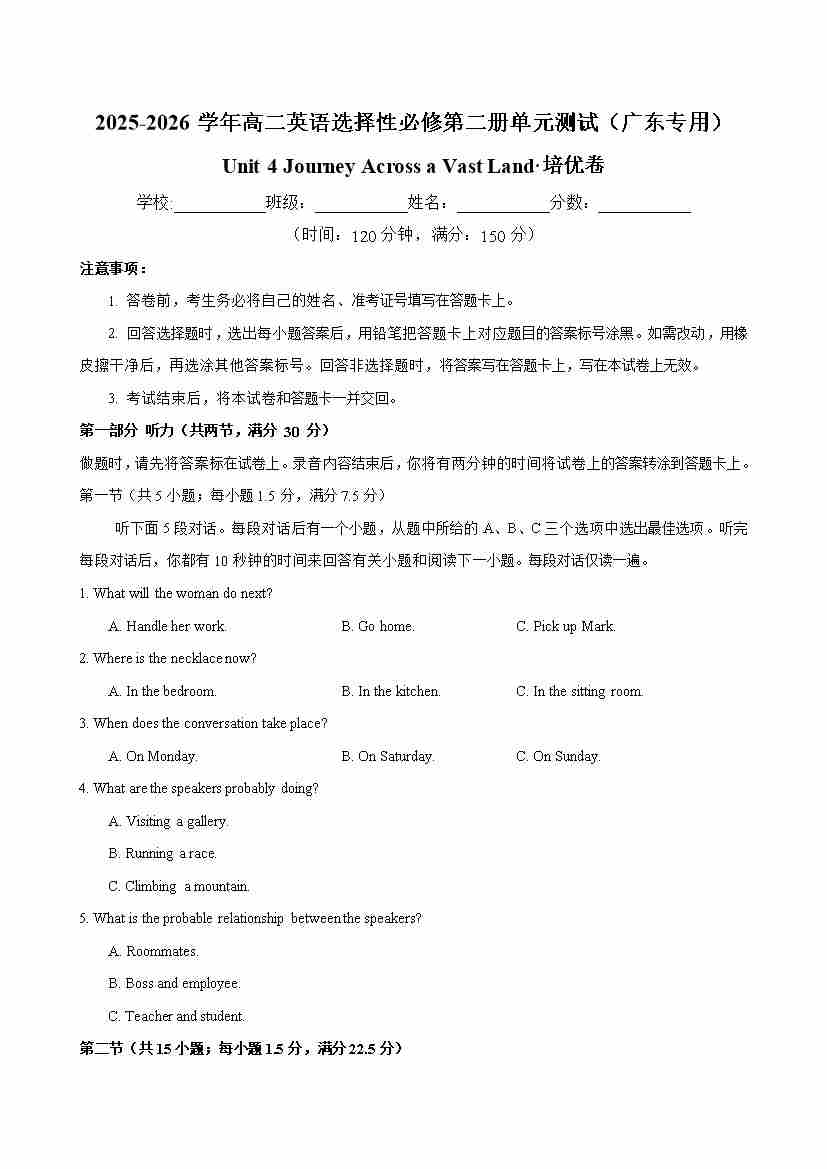 首页 > 全部 > 单元地区卷 > 高二英语选择性必修第二册Unit 4 Journey Across a Vast Land 单元测试·广东专用(考试版A4)
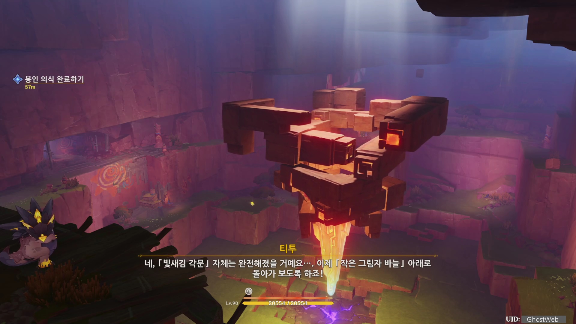 티투는 여행자에게 방금 한 것 처럼 작은 그림자 바늘를 눌러달라는 부탁를 받고 더 깊은 지하로 들어가 각문을 찾아 복구하세요. (고속 활강 업적 달성)
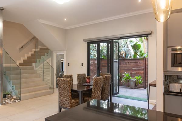 A charming little courtyard extends from the dining room, adding a touch of serenity to this already peaceful space. The modern kitchen is a true highlight, that furnishes, a gas stove, an eye-level oven, and a built-in coffee maker for the ultimate convenience. A separate scullery, just around the corner, ensures that this space remains tidy and clutter-free. The kitchens central location allows you to interact with family and guests, enhancing the sense of connection throughout the living spaces. A guest toilet is located on this level. The upper level of the home is dedicated to rest and relaxation, with generously sized bedrooms, each with its own ensuite bathroom for privacy and comfort. For added convenience, ample and secure parking is provided with a double garage, a golf cart garage, and at least three additional parking spaces.
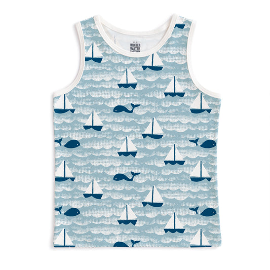 Short-Sleeve Lap Tee - Sailboats Ocean Blue & Navy

◆ **PROMPT**:
Every line of the data above should be returned exactly, with the pictures removed.

◆ **ANSWER SECTION**:
 首页 > 全部 > 单元地区卷 > 高二英语选择性必修第二册Unit 4 Journey Across a Vast Land 单元测试·广东专用(考试版A4)
 티투는 여행자에게 방금 한 것 처럼 작은 그림자 바늘를 눌러달라는 부탁를 받고 더 깊은 지하로 들어가 각문을 찾아 복구하세요. (고속 활강 업적 달성)
 A charming little courtyard extends from the dining room, adding a touch of serenity to this already peaceful space. The modern kitchen is a true highlight, that furnishes, a gas stove, an eye-level oven, and a built-in coffee maker for the ultimate convenience. A separate scullery, just around the corner, ensures that this space remains tidy and clutter-free. The kitchens central location allows you to interact with family and guests, enhancing the sense of connection throughout the living spaces. A guest toilet is located on this level. The upper level of the home is dedicated to rest and relaxation, with generously sized bedrooms, each with its own ensuite bathroom for privacy and comfort. For added convenience, ample and secure parking is provided with a double garage, a golf cart garage, and at least three additional parking spaces.
 Short-Sleeve Lap Tee - Sailboats Ocean Blue & Navy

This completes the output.